Unnamed: 0,tweet_id,in_reply_to_status_id,in_reply_to_user_id,timestamp,source,text,retweeted_status_id,retweeted_status_user_id,retweeted_status_timestamp,expanded_urls,rating_numerator,rating_denominator,name,doggo,floofer,pupper,puppo
0,892420643555336193,,,2017-08-01 16:23:56 +0000,"<a href=""http://twitter.com/download/iphone"" r...",This is Phineas. He's a mystical boy. Only eve...,,,,https://twitter.com/dog_rates/status/892420643...,13,10,Phineas,,,,
1,892177421306343426,,,2017-08-01 00:17:27 +0000,"<a href=""http://twitter.com/download/iphone"" r...",This is Tilly. She's just checking pup on you....,,,,https://twitter.com/dog_rates/status/892177421...,13,10,Tilly,,,,
2,891815181378084864,,,2017-07-31 00:18:03 +0000,"<a href=""http://twitter.com/download/iphone"" r...",This is Archie. He is a rare Norwegian Pouncin...,,,,https://twitter.com/dog_rates/status/891815181...,12,10,Archie,,,,
3,891689557279858688,,,2017-07-30 15:58:51 +0000,"<a href=""http://twitter.com/download/iphone"" r...",This is Darla. She commenced a snooze mid meal...,,,,https://twitter.com/dog_rates/status/891689557...,13,10,Darla,,,,
4,891327558926688256,,,2017-07-29 16:00:24 +0000,"<a href=""http://twitter.com/download/iphone"" r...",This is Franklin.
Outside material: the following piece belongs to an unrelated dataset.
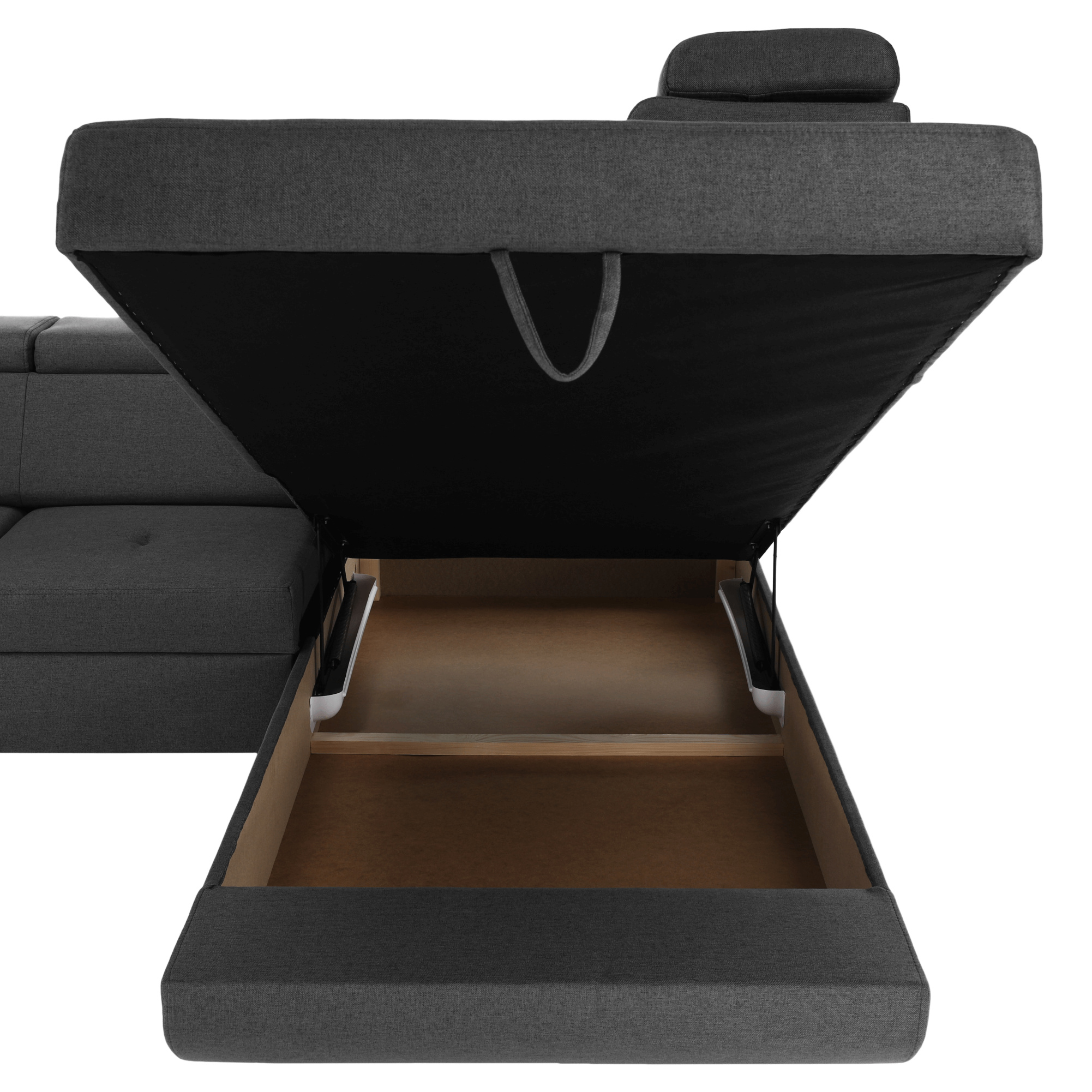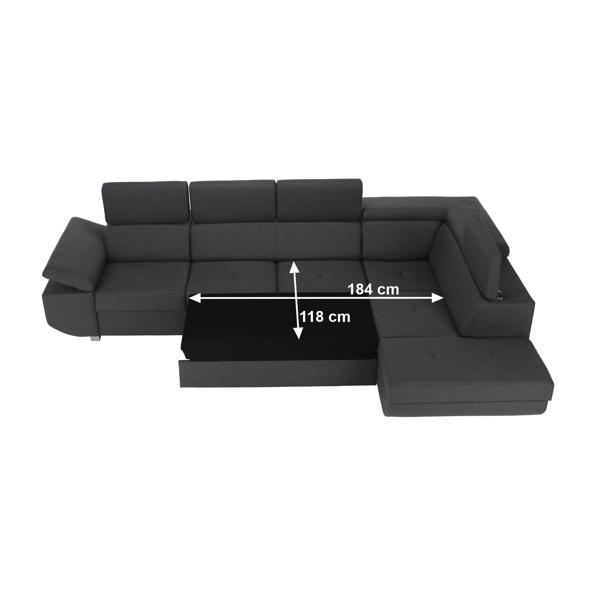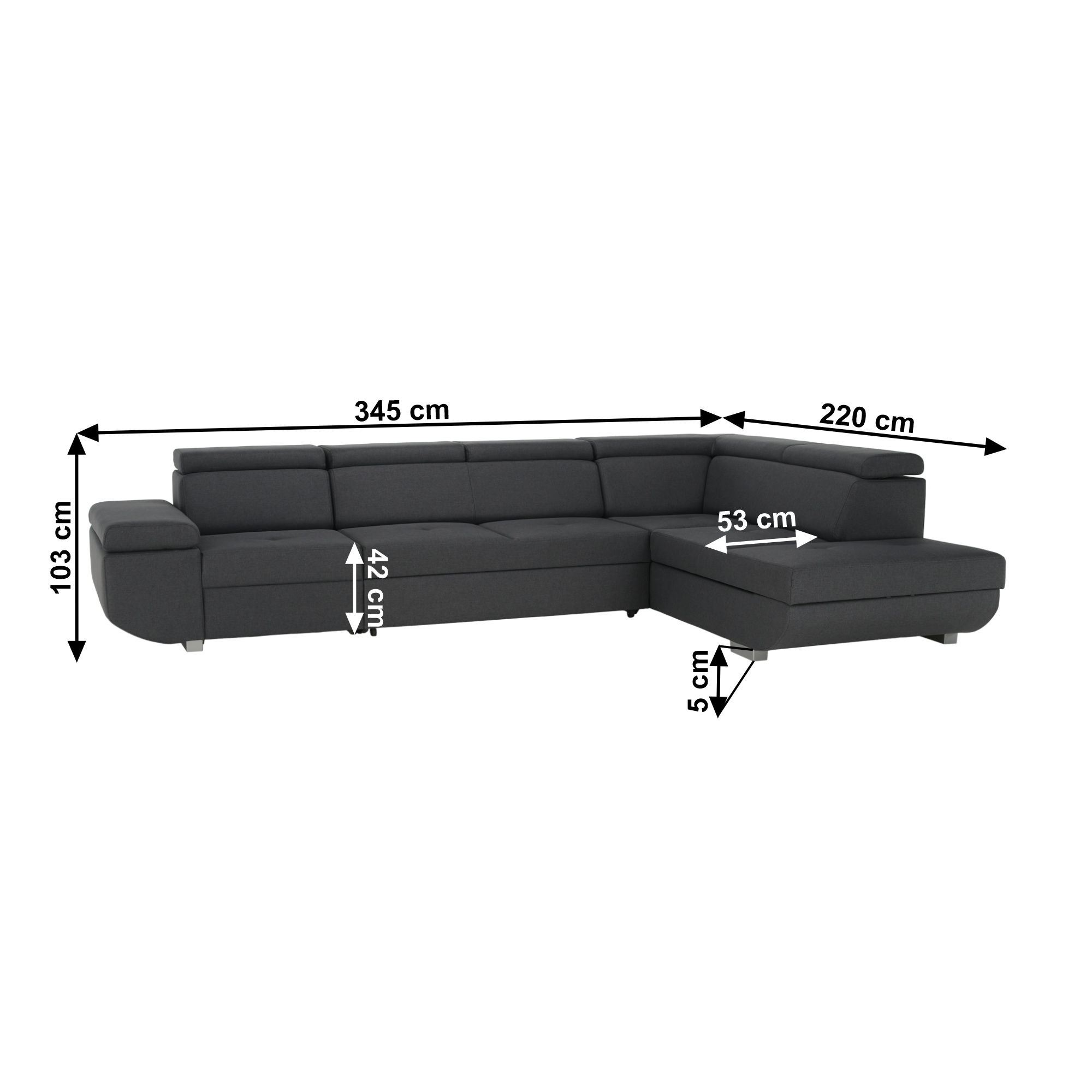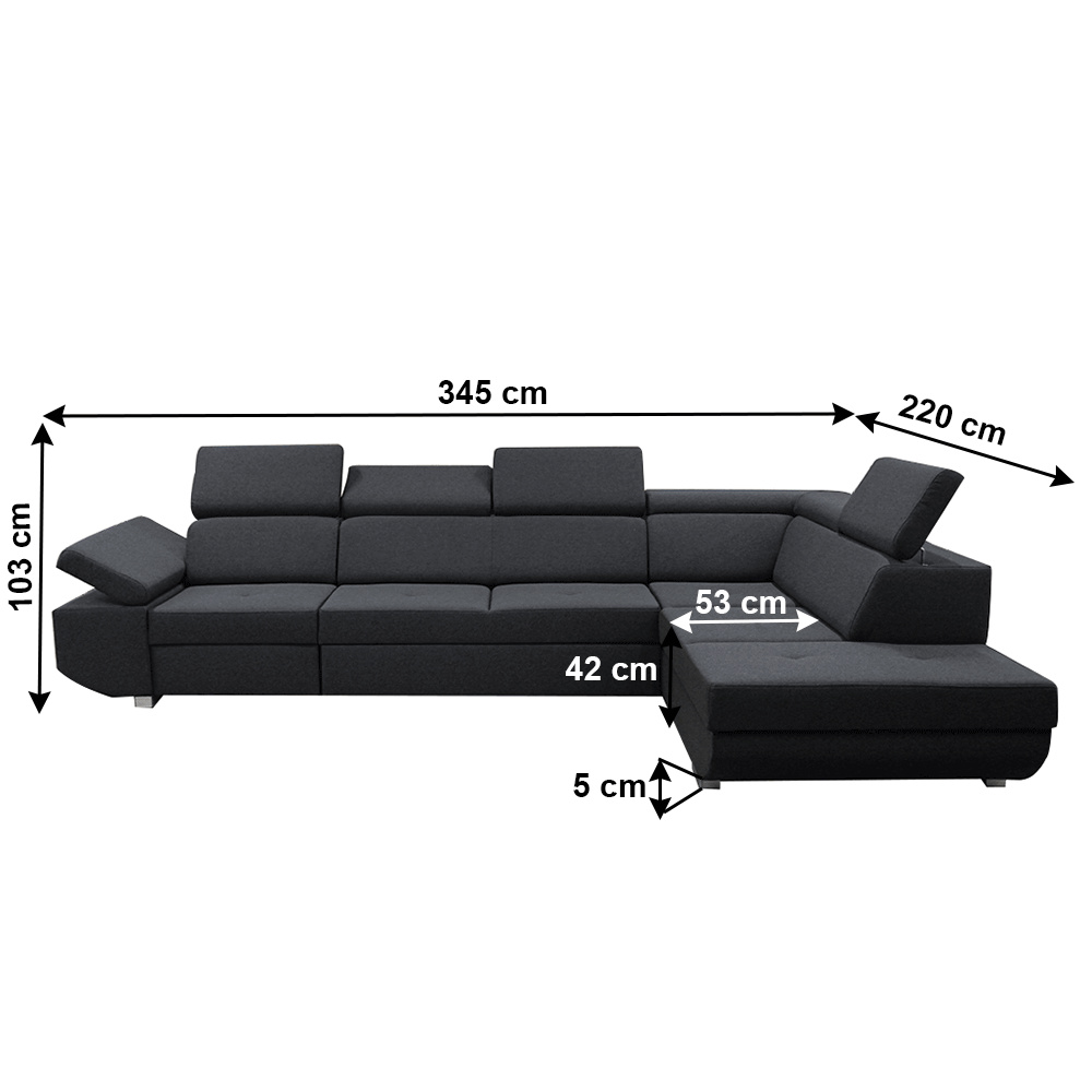 Materiál: látka Stark Oděruodolnost textilie podle testu Martindale: 50 000 oděrek Barva: 382 tmavě šedá Rozměry (ŠxHxV): 345x220x103 cm Plocha na spaní (ŠxD): 118x184 cm Výška sedu: 42 cm Hloubka sedu: 53 cm Výška spodního prostoru od podlahy: 5 cm celočalouněná rohová rozkládací kovové nožičky 4 polohovací opěrky hlavy a krční páteře Opěrka na ruce s funkcí sklápění S úložným prostorem pravé provedení Voděodolný materiál Dodávané v demontu. Nabízíme možnost objednat sedačku až v 6 barevných provedeních látky Stark v ceně 43.390,- Kč. Při individuální objednávce je třeba zaplatit 20% zálohu z dané částky. Po uhrazení zálohy bude Váš požadavek zadána do výroby. Doba dodání 6-8 týdnů.

He would like you to stop ca...,,,,https://twitter.com/dog_rates/status/891327558...,12,10,Franklin,,,,


#### Image Predictions

In [3]:
# Getting the file from the Udacity server and saving it in the data folder
url = 'https://d17h27t6h515a5.cloudfront.net/topher/2017/August/599fd2ad_image-predictions/image-predictions.tsv'
response = requests.get(url)
with open(os.path.join('data', url.split('/')[-1]), mode='wb') as file:
    file.write(response.content)

In [4]:
# Converting csv file to Pandas DataFrame
image_predictions_df = pd.read_csv('data/image-predictions.tsv', sep='\t')
image_predictions_df.head()

Unnamed: 0,tweet_id,jpg_url,img_num,p1,p1_conf,p1_dog,p2,p2_conf,p2_dog,p3,p3_conf,p3_dog
0,666020888022790149,https://pbs.twimg.com/media/CT4udn0WwAA0aMy.jpg,1,Welsh_springer_spaniel,0.465074,True,collie,0.156665,True,Shetland_sheepdog,0.061428,True
1,666029285002620928,https://pbs.twimg.com/media/CT42GRgUYAA5iDo.jpg,1,redbone,0.506826,True,miniature_pinscher,0.074192,True,Rhodesian_ridgeback,0.07201,True
2,666033412701032449,https://pbs.twimg.com/media/CT4521TWwAEvMyu.jpg,1,German_shepherd,0.596461,True,malinois,0.138584,True,bloodhound,0.116197,True
3,666044226329800704,https://pbs.twimg.com/media/CT5Dr8HUEAA-lEu.jpg,1,Rhodesian_ridgeback,0.408143,True,redbone,0.360687,True,miniature_pinscher,0.222752,True
4,666049248165822465,https://pbs.twimg.com/media/CT5IQmsXIAAKY4A.jpg,1,miniature_pinscher,0.560311,True,Rottweiler,0.243682,True,Doberman,0.154629,True


#### Additional data about each tweet

In [5]:
# Keys and tokens provided by Twitter
consumer_key = 'YOUR CONSUMER KEY HERE'
consumer_secret = 'YOUR CONSUMER SECRET HERE'
access_token = 'YOUR ACCESS TOKEN HERE'
access_secret = 'YOUR ACCESS SECRET HERE'

# Creating Twitter API object with rate limits parameters
auth = tweepy.OAuthHandler(consumer_key, consumer_secret)
auth.set_access_token(access_token, access_secret)
api = tweepy.API(auth, wait_on_rate_limit=True, wait_on_rate_limit_notify=True)

In [6]:
# Creating empty list to store tweet data (json format)
tweet_json_list = []
# Creating empty dict to store the tweets that can't be accessed
errors_dict = {}
# Defining the start time to check how long it took to access the data
start_time = time.time()

for tweet_id in twitter_archive_df.tweet_id.values:
    try:
        # Adding tweet info to tweet_json_list
        tweet = api.get_status(tweet_id, tweet_mode = 'extended')
        tweet_json_list.append(tweet._json)
    except tweepy.TweepError as error:
        # Adding tweets that could't be accessed in the errors_dict
        errors_dict[tweet_id] = error
            
# Checking how much time the was spent
elapsed_time = time.time() - start_time

# Printing elapsed time in HH:MM:SS format
hms_elapsed_time = time.strftime("%H:%M:%S", time.gmtime(elapsed_time))
print('\n Time elapsed (HH:MM:SS): ' + hms_elapsed_time)
print('-'*55)

# Printing each tweet_id and error in the errors_dict
for tweet_id in errors_dict:
    print('ID:', tweet_id, 'ERROR:', errors_dict[tweet_id])
print('-'*55)

# Checking number of errors
print('\n Number of errors: ' + str(len(errors_dict)))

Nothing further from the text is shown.